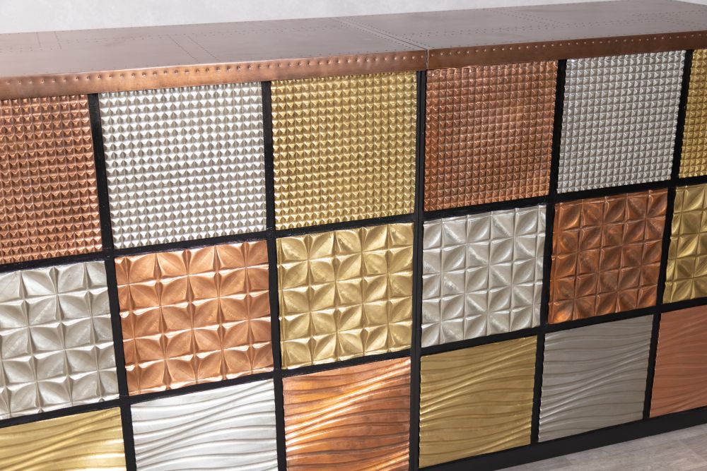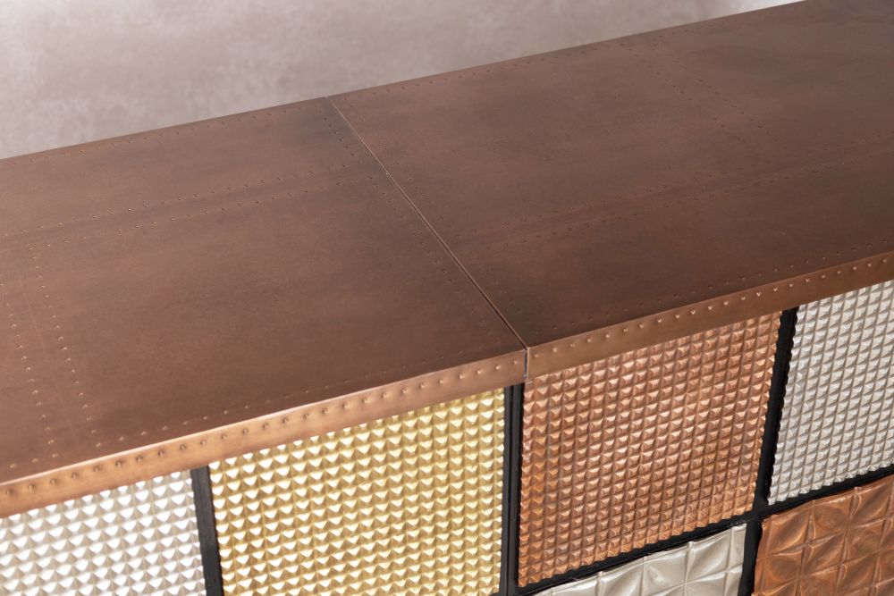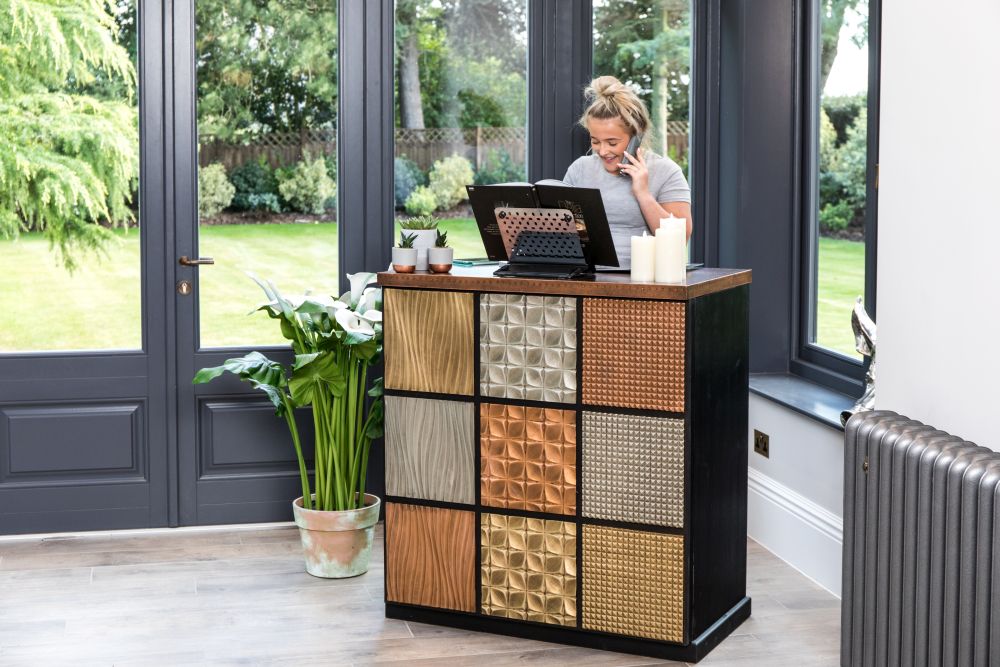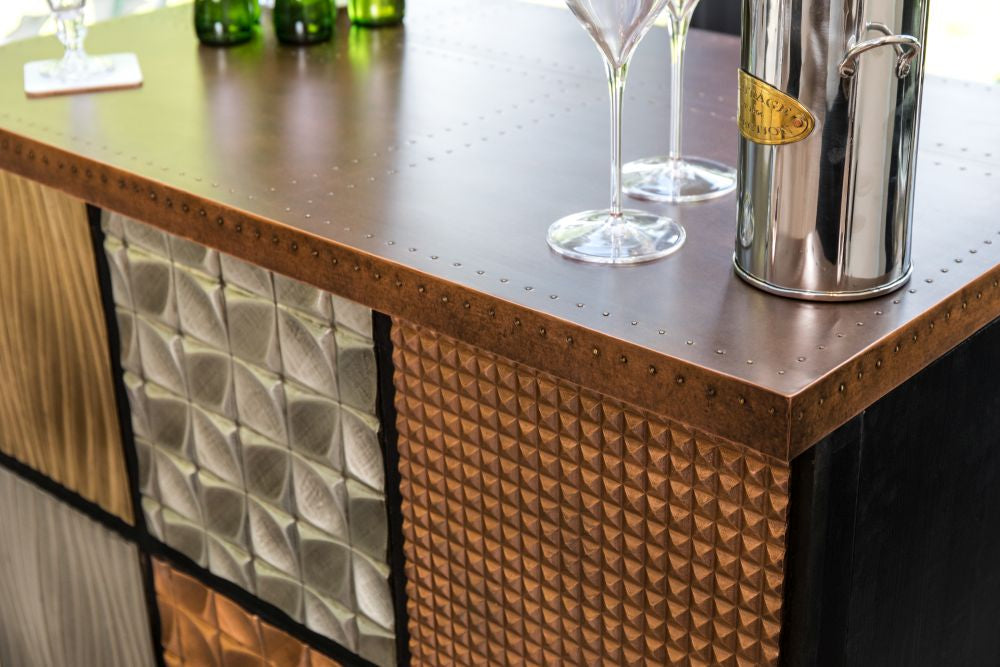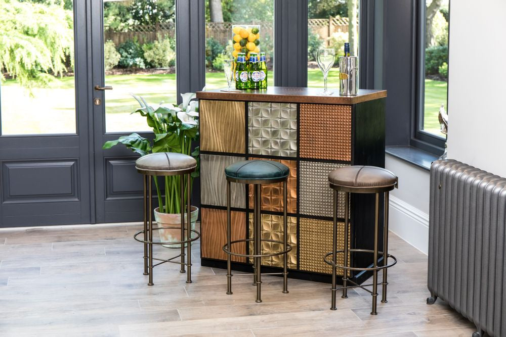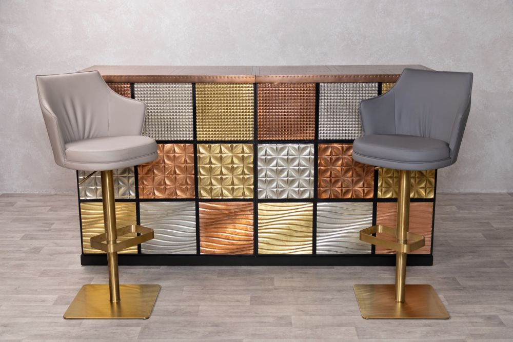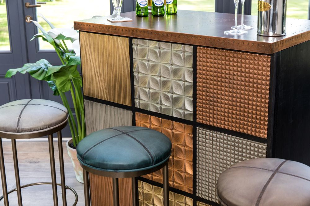 A fantastic feature for a swanky front of house, reception or your very own home bar, our Bespoke Bar can be tailored to suit your space, you can choose the length of your bar. With shelves for storage at the back and brass, copper and zinc panels to the front, and a choice of top, upgrade your décor with this lavish bar.
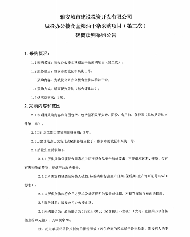 雅安城市建設(shè)投資開(kāi)發(fā)有限公司辦公樓食堂干雜采購(gòu)項(xiàng)目(第二次)磋商談判采購(gòu)公告
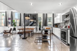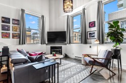 Step into this stunningly updated one bedroom, one and a half baths, loft, where modern elegance meets timeless charm. Featuring soaring ceilings, oversized windows, and an open concept layout, the space is flooded with natural light and thoughtfully designed for both comfort and style. The updated kitchen boasts high-end finishes, sleek cabinetry and stainless steel appliances, while the spacious bedroom offers a peaceful retreat. Ideal for entertaining or relaxing, this loft is a perfect blend of sophistication and function in every detail. Conveniently located in Downtown New West; close to transit, shopping, Skytrain and entertainment district. OPEN HOUSE SUNDAY FEB. 8, 12 TO 2 PM.
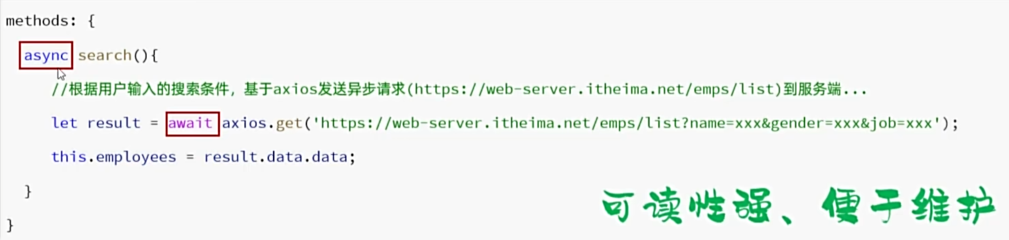 // axios.get('http://localhost:8080/emps/list?name=${this.searchForm.name}&gender=${this.searchForm.gender}&position=${this.searchForm.position}').then(function (response) {
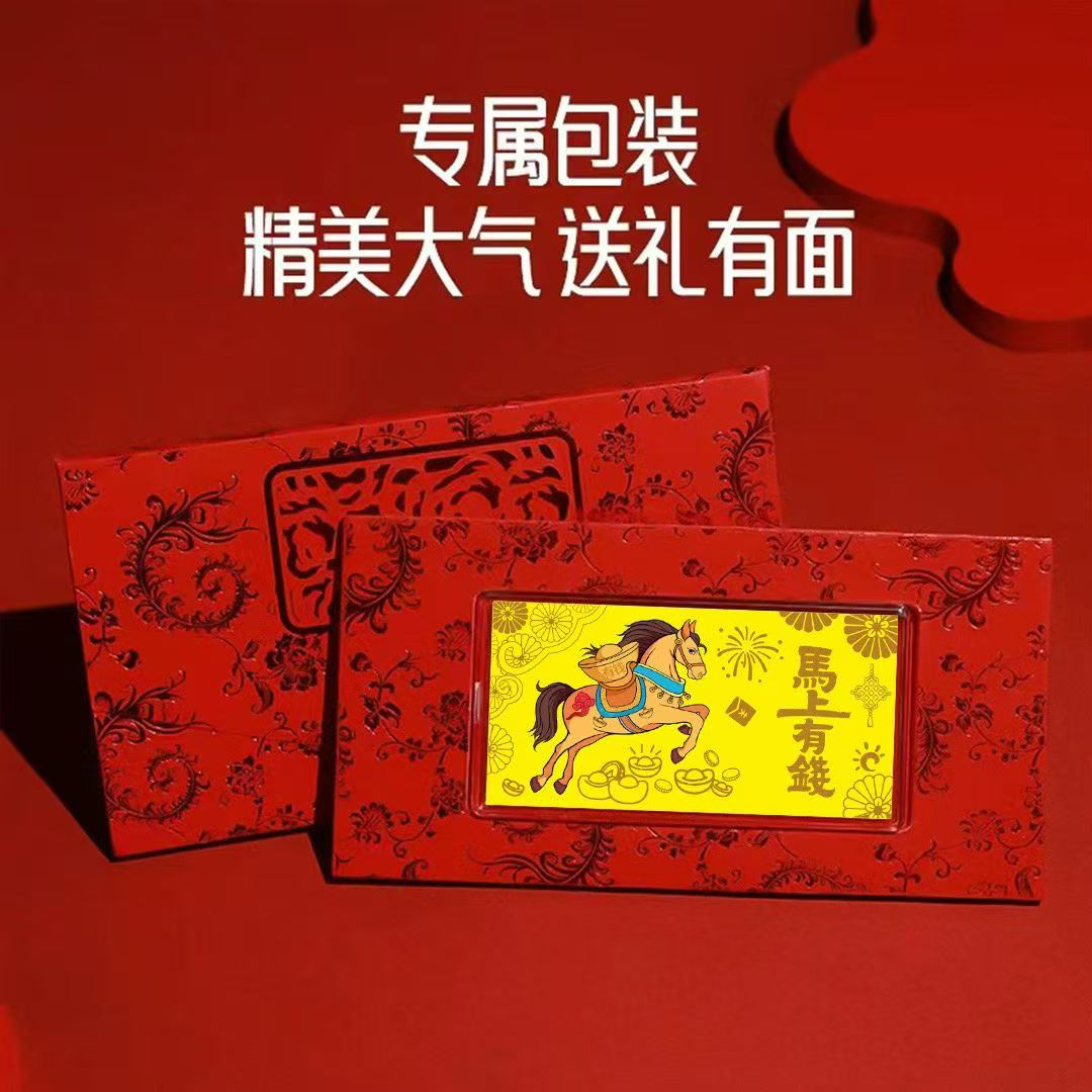 足金生日快乐小金钞票条金片2026马年生肖黄金纪念币贺岁活动礼品
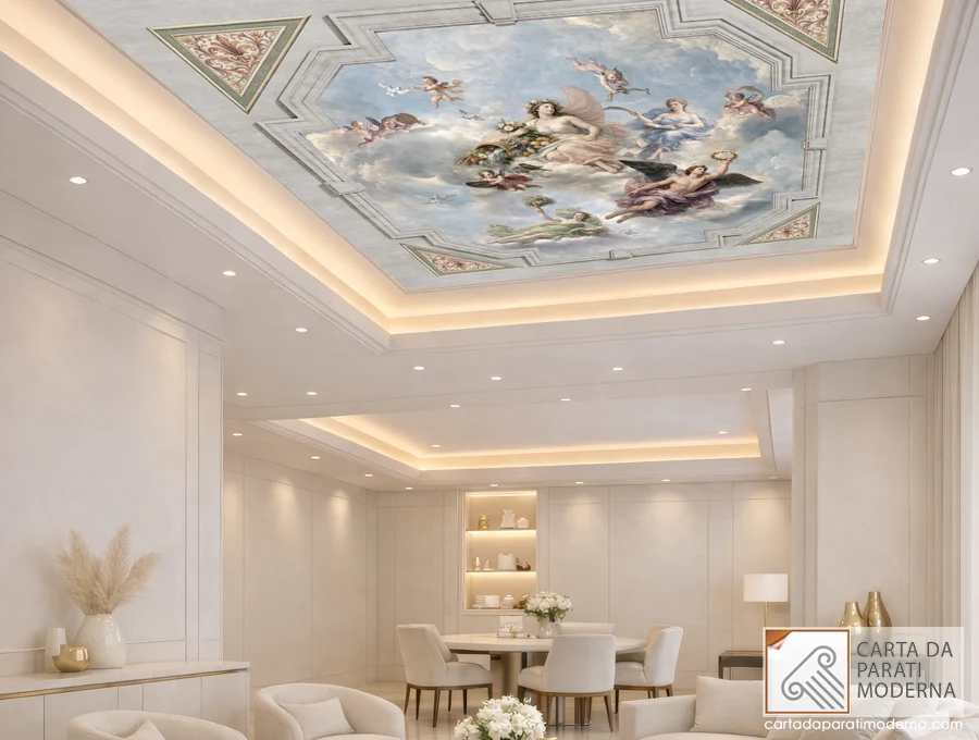 Scegli questo affresco digitale classico a soffitto per trasformare i tuoi ambienti in spazi iconici, eleganti e senza tempo, unendo arte classica, design contemporaneo e tecnologia di stampa avanzata.
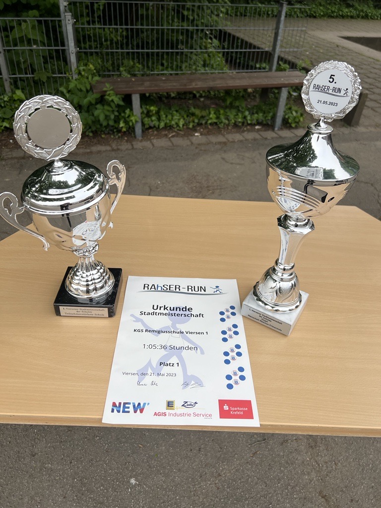 Und tatsächlich: Bei bestem Laufwetter konnten die Schul-Stadtmeister-Titel der Mädchen der Primarstufe sowie der Sonderpreis der teilnehmerstärksten Schule verteidigt werden und wie bereits im vergangen Jahr erneut zwei Pokale mit zur Remigiusschule genommen werden. Sagenhafte 122 Kinder unserer Schule, also mehr als 50%, haben sich angemeldet, für die Remigiusschule zu laufen – sensationell!
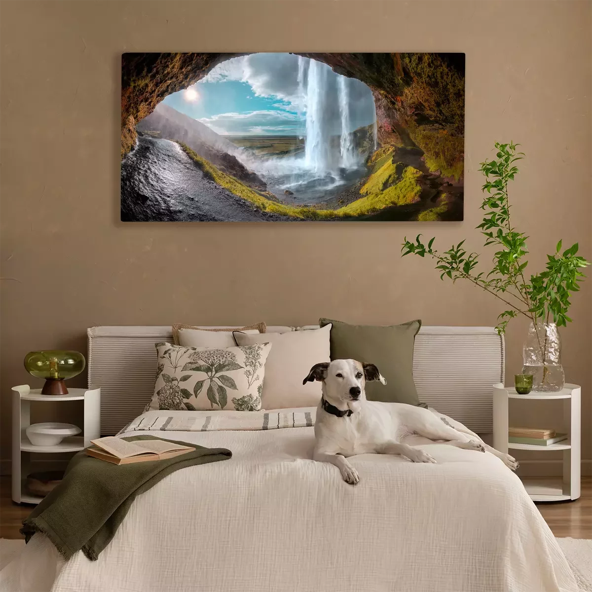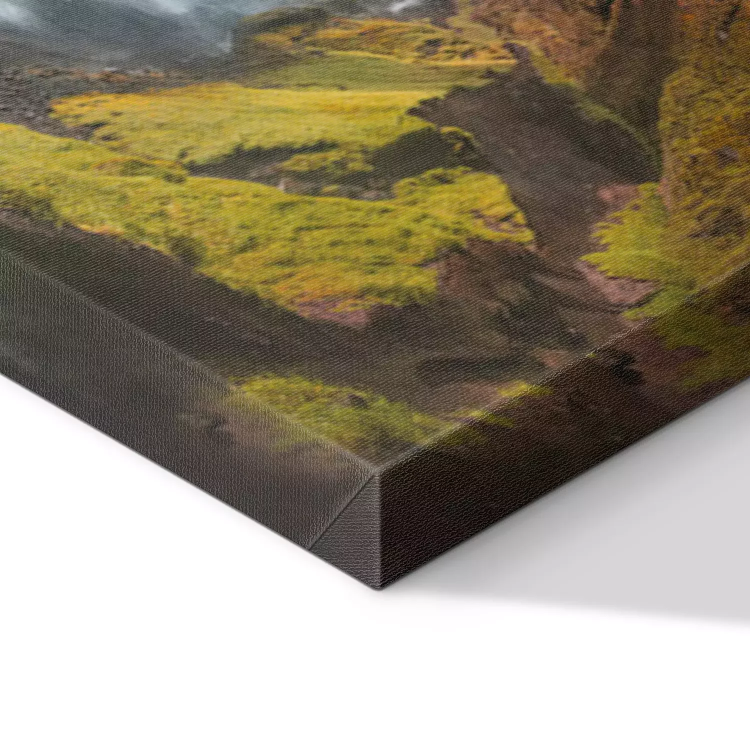 De print wordt aangebracht op hoogwaardig canvas dat op een schildersweefgetouw (spieraam) wordt gespannen. Omdat de print de zijranden bedekt, hoeft het ontwerp niet met een extra kader te worden omlijst. Wij raden ook composities aan die uit meerdere foto's bestaan en zo een coherente compositie vormen.
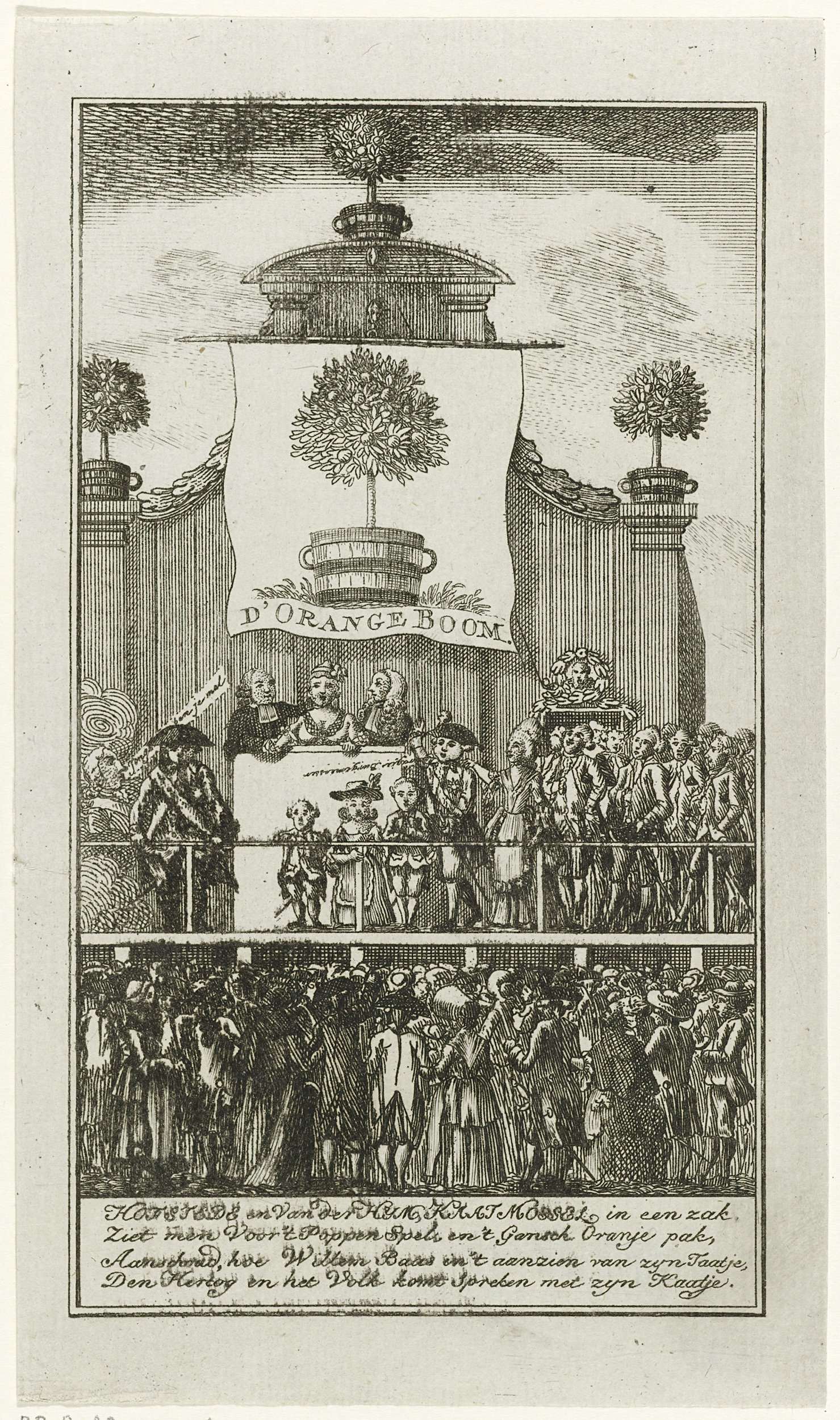 Spotprent op Petrus Hofstede, Kaat Mossel en prins Willem V, 1783. Voor een kermistent hangt een banier waarop de oranjeboom is afgebeeld. Op een verhoging staan Hofstede, de Rotterdamse burgemeester Van der Heim en Kaat Mossel, daarvoor de Prins met zijn drie kinderen, diens gemalin en de hertog van Brunswijk. Op de voorgrond het verzamelde ...

• _Exercise details_:
Nothing but the lines from the one containing "De print wordt" through the final line of the entries above should be given again, each exactly as written; omit the pictures.

• _Solution for this problem_:
 De print wordt aangebracht op hoogwaardig canvas dat op een schildersweefgetouw (spieraam) wordt gespannen. Omdat de print de zijranden bedekt, hoeft het ontwerp niet met een extra kader te worden omlijst. Wij raden ook composities aan die uit meerdere foto's bestaan en zo een coherente compositie vormen.
 Spotprent op Petrus Hofstede, Kaat Mossel en prins Willem V, 1783. Voor een kermistent hangt een banier waarop de oranjeboom is afgebeeld. Op een verhoging staan Hofstede, de Rotterdamse burgemeester Van der Heim en Kaat Mossel, daarvoor de Prins met zijn drie kinderen, diens gemalin en de hertog van Brunswijk. Op de voorgrond het verzamelde ...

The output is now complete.